Before you go getting all riled up, the more available and logical choice in Browning-produced lever actions would indeed be the proven BLR, or Browning Lever Rifle. But when we had a choice between that and the stunning, engraved, thumping Model 71, can you really blame us? 

Sure, the Model 71 is almost too collectible and expensive to fire, but they also shoot. Heck, the Model 71 isn’t even Browning’s original run. Rather, it’s a remake of sister company Winchester’s model of that same number, which itself sprang from Winchester’s venerable Model 1886. Those are long bloodlines with a history of success and John Browning’s design prowess. Produced for only two years, Browning turned out around 3,000 Model 71 rifles in 1986 and 1987. They host a hooded front sight and adjustable semi-buckhorn rear on the 24-inch barrel. 

Most of these beauties were signed by their hand-engraver. Chambered for the .348 Winchester, the rifles were manufactured in Japan and show exceptional craftsmanship and attention to detail. Because of this, they’re seen as much more collectible than shootable today, but we just couldn’t help but put a few rounds through the beauty. For those willing to take that Model 71 into the woods, this rifle makes as fine a hunting companion as it does a wall hanger. 

Browning Model 71 lever-action rifle on a wooden fence
Browning's Model 71 shares its lineage with the classic Winchester Model 71. (Photo Kristin Alberts/Guns.com)

Semi-Auto Rifle: Browning BAR

Browning BAR rifle in the woods
The Browning BAR stands out as one of the true classic semi-auto hunting rifles. (Photo Kristin Alberts/Guns.com)

While the military’s Browning BAR M1918 light machine gun may first come to mind, it’s Browning’s BAR semi-automatic hunting rifle that has the hearts of so many American hunters. Produced for over 50 years, BAR gas-driven autoloaders have ranged from early Belgian-built, walnut, and blued-steel gems to more recent synthetic Stalkers and current modernized Short and Long Tracs. 

They’ve come in almost every major hunting caliber, from light recoilers to belted magnums and short mags. These rifles use a detachable box magazine on a hinged floorplate. They appeal to hunters seeking rapid follow-up shots as well as the reduced recoil of a gas-operated repeater. 

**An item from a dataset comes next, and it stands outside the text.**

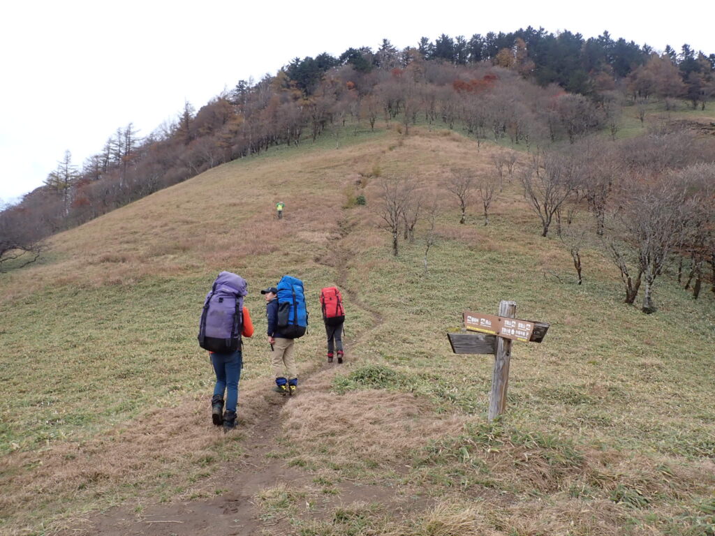 古礼山の登り手前で腰痛が悪化したため、さらに荷物を抜く。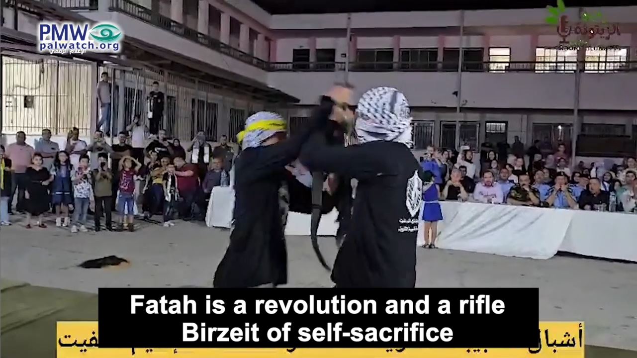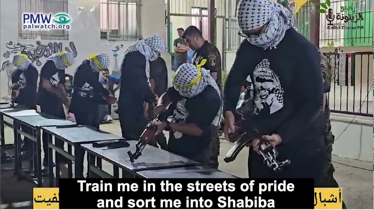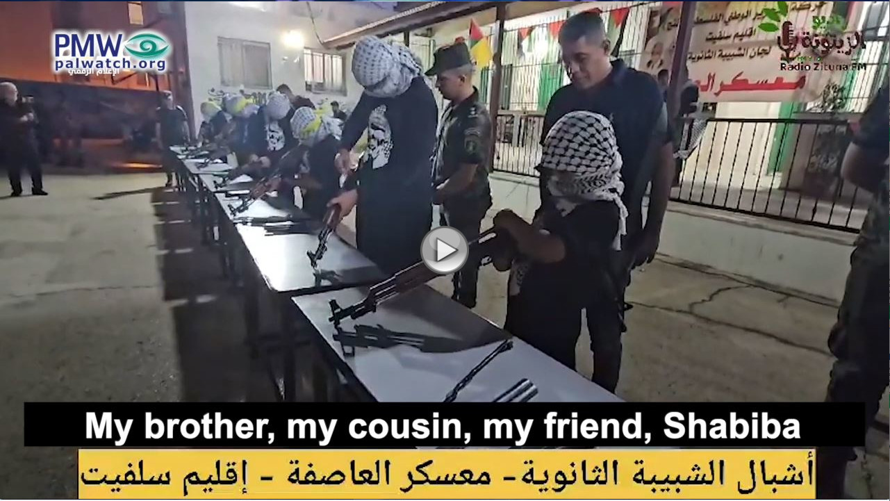Posting a video from the graduation ceremony of a Fatah summer camp for boys – “lion cubs” – Abbas’ Fatah Movement provided a glimpse of what goes on in these camps. The video from the camp for high school kids, which is accompanied by a song promoting “revolution and a rifle,” shows that masked teenage boys wearing yellow Fatah headbands were taught to handle and assemble Kalashnikov assault rifles, and were trained in close combat:

Our test model BAR Long Trac from the Guns.com Vault is chambered in .30-06 Springfield, built in Belgium, and assembled in Portugal. It shows off matte-blued steel, hardwood furniture, and a detachable box magazine that swings free by depressing the mag release. There are no iron sights on this particular rifle, but the Nikon scope is all we needed on the range to punch out nearly the same hole in a deer’s heart target at 100 yards. That kind of accuracy is impressive in most rifles, but especially so in a semi-automatic. 

Browning BAR magazine
Here you can see the BAR magazine with the hinged floorplate. (Photo Kristin Alberts/Guns.com)

Conclusion


No matter your choice of classic Browning rifles, it’s difficult to go wrong with the quality shown in guns like these that have stood the test of time. Choose your favored action – bolt, lever, or semi-auto – and one of these nostalgic Brownings is sure to help create some hunting memories.